In order to use GPU for training, we used Kaggle environment.
We will use basic python packages, and the HuggingFace package to predict text sentiment.
from tqdm import tqdm
# Maths modules
import numpy as np
import pandas as pd
import tensorflow as tf
# Load data from CSV
df = pd.read_csv(
"../input/sentiment140/training.1600000.processed.noemoticon.csv",
names=["target", "id", "date", "flag", "user", "text"],
encoding="ISO-8859-1",
)
# Drop useless columns
df.drop(columns=["id", "date", "flag", "user"], inplace=True)
# Replace target values with labels
df.target.replace(
{
0: "NEGATIVE",
2: "NEUTRAL",
4: "POSITIVE",
},
inplace=True,
)
df.target.replace(
{
"NEGATIVE": 0,
"POSITIVE": 1,
},
inplace=True,
)
# Sample data for development
TEXT_SAMPLE_SIZE = 1000000 # <= 0 for all
# Sample data
if TEXT_SAMPLE_SIZE > 0:
df = (
df.groupby("target", group_keys=False)
.apply(
lambda x: x.sample(
n=int(TEXT_SAMPLE_SIZE / df["target"].nunique()), random_state=42
)
)
.reset_index(drop=True)
)
The text is transformed to tensors with AutoTokenizer.
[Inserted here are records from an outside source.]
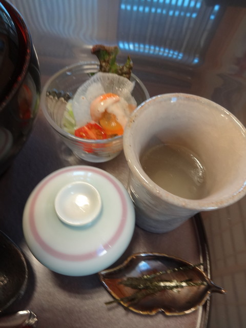 スープは鶏ダシがしっかり効いたもので、塩分が控えめだったこともありダシの味が染みる。サラダはサニーレタスやミニトマト、大根のスライスなどが入ったミニサイズ。茶碗蒸しはまあ普通。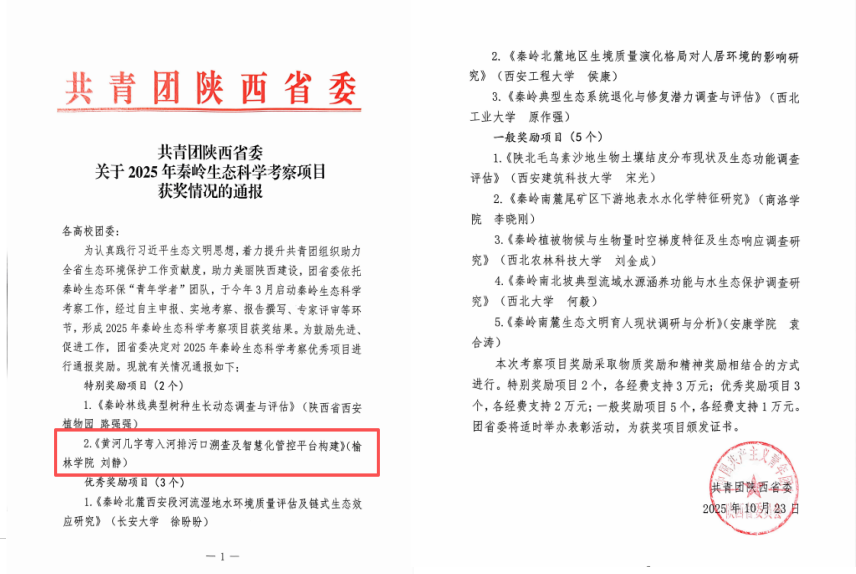 近日,共青团陕西省委正式公布2025年秦岭生态科学考察项目获奖结果,beat365刘静博士主持的《黄河几字弯入河排污口溯查及智慧化管控平台构建》项目,凭借扎实的科研功底、深入的实地调研与高质量的考察报告,从众多申报项目中脱颖而出,荣获特别奖励项目,充分彰显了beat365在生态环境保护领域的科研实力与人才培养成效。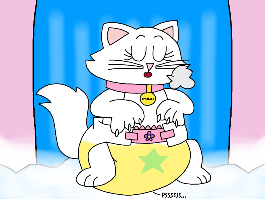Princess Sparkles sighing in relief as she pees her diaper.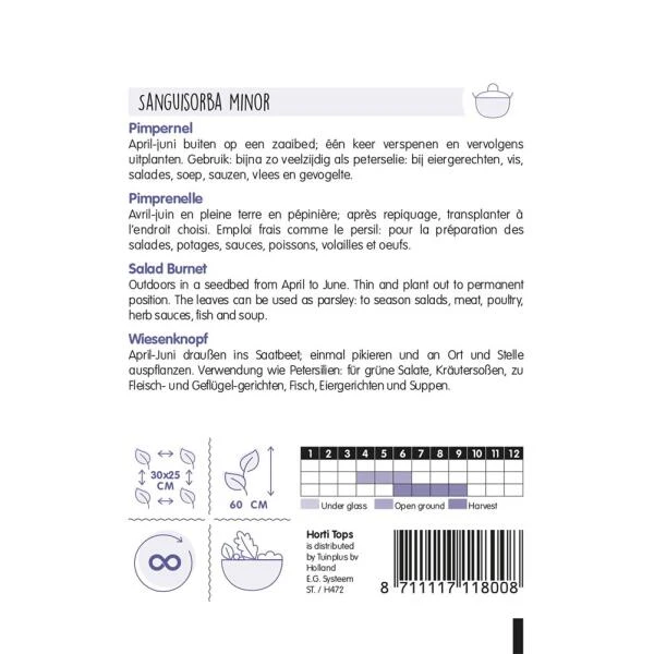 Pimpernel is bijna zo veelzijdig als peterselie. Past bij tal van gerechten zoals eieren, vis, salades, soep, vlees of gevogelte. Deze overblijvende vaste plant wordt tot 60 cm hoog.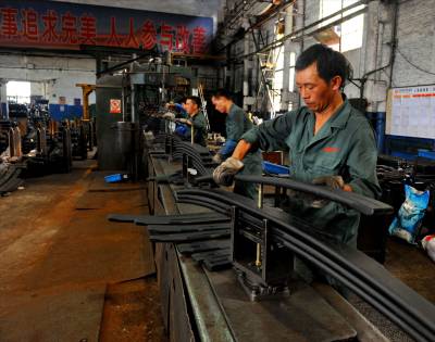 当日是东风汽车悬架公司高温检修后的第一天生产,笔者在现场看到整个生产井然有序,一片忙碌的景象。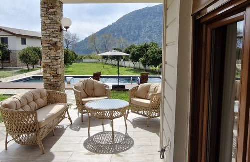 As a family business, we have 3,200 square meters of land with 30 orange trees, 11 lemon trees, 2 tangerine trees, 2 pomegranate trees, 1 oleaster tree, 31 sweetgum trees, 14 olive trees, and one of our two houses, each of 160 square meters, for our valued guests. We have prepared it, the other house is for our use. Additionally, there is a salt system swimming pool on our property, which is for your use only. We are waiting for you in Köyceğiz (Muğla), one of the important centers both geographically and historically. We will be happy to assist you in any matter.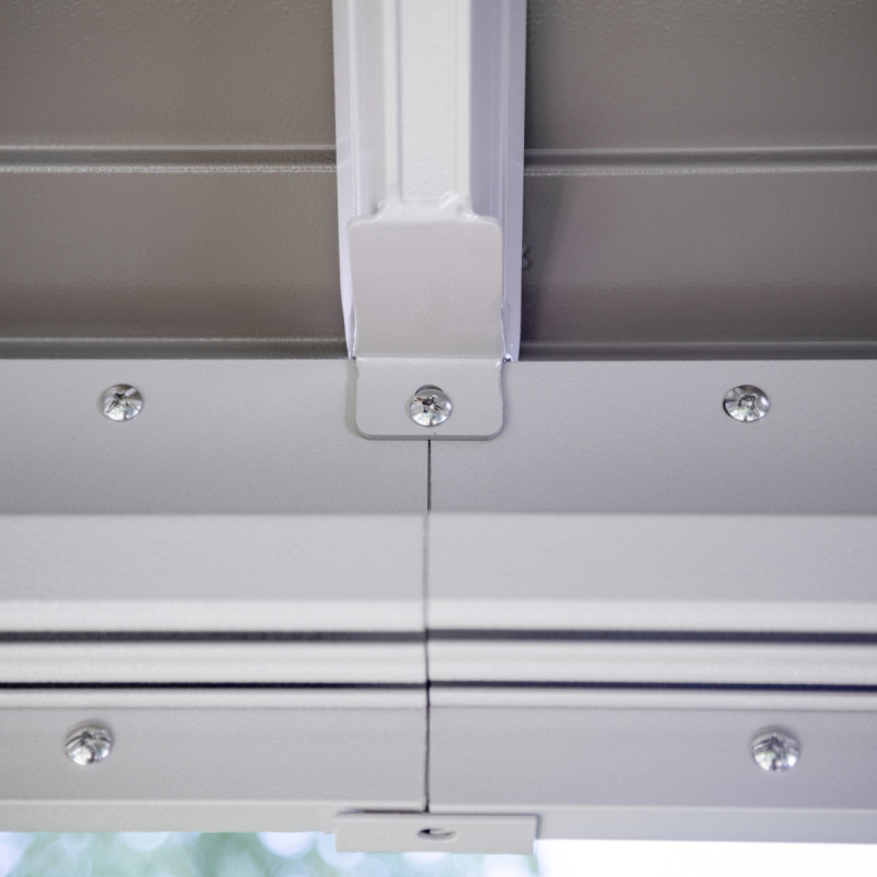 Le choix de ces matériaux de qualité, leur durabilité et la visserie en acier inoxydable justifient la garantie de 5 ans contre la corrosion accordée par le spécialiste canadien Sojag. La hauteur faîtière du pavillon est de 296cm, et deux crochets de fixation multi usages sont présents sur la barre faîtière. Grâce à son excellente stabilité structurelle, ce pavillon est conçu pour faire face à une charge de neige de 150 kg/m².

# Tokenizers, Stemmers and Lemmatizers
from transformers import AutoTokenizer
BERT_MODEL = "bert-base-uncased" # "vinai/bertweet-base"
MAX_LENGTH = 50
tokenizer = AutoTokenizer.from_pretrained(BERT_MODEL, do_lower_case=True)
input_ids = np.asarray(
[
tokenizer(sent, max_length=MAX_LENGTH, padding="max_length", truncation=True)[
"input_ids"
]
for sent in tqdm(df.text)
]
)
attention_mask = np.asarray(
[
tokenizer(sent, max_length=MAX_LENGTH, padding="max_length", truncation=True)[
"attention_mask"
]
for sent in tqdm(df.text)
]
)
token_type_ids = np.asarray(
[
tokenizer(sent, max_length=MAX_LENGTH, padding="max_length", truncation=True)[
"token_type_ids"
]
for sent in tqdm(df.text)
]
)
100%|██████████| 1000000/1000000 [02:22<00:00, 7032.86it/s] 100%|██████████| 1000000/1000000 [02:20<00:00, 7106.50it/s] 100%|██████████| 1000000/1000000 [02:23<00:00, 6982.10it/s]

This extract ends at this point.